Someone else may have something to add though, so try not to just abandon the idea because it seems too hard. After all, if it’s going to save you time later, it’s probably well worth making the effort now.

Well you could adapt it to rename them with a prefix containing the dpi, then any file manager should be able to sort them by dpi. Not sure if the order (or the renaming) would be acceptable though.

Or you could sort the files, put them in directories named by dpi.

Or select a particular dpi and copy the files to a temporary directory.

Dolphin has other optional columns to sort by, and data for some of those must have been obtained in a similar fashion; only there’s no obvious exposure allowing additional options such as DPI; unlike the context API, that allows extra actions via downloaded plugins.

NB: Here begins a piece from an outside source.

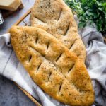 When the dough is done with the second rest, brush the top surface with olive oil and sprinkle lightly with finely shredded parmesan, dried herbs and flaky sea salt

Both @ben75 and @scotty65 posted scripts recently (for random renaming) which could probably be adapted for that purpose.

This will loop through a folder & add the DPI to the start of the image files’ names (although not all image files have embedded DPI values - PNG files can have their values in meters, and some also use different field names such as “Pixels Per Unit X”, “Pixels Per Unit Y” & “Pixel Units” to store their DPI values). You haven’t mentioned the image types you want to sort, but this script would work best on a folder of jpegs.

Make sure you are in the directory you want to process before you run the script! The only thing it requires is ImageMagick, which should already be installed on your system.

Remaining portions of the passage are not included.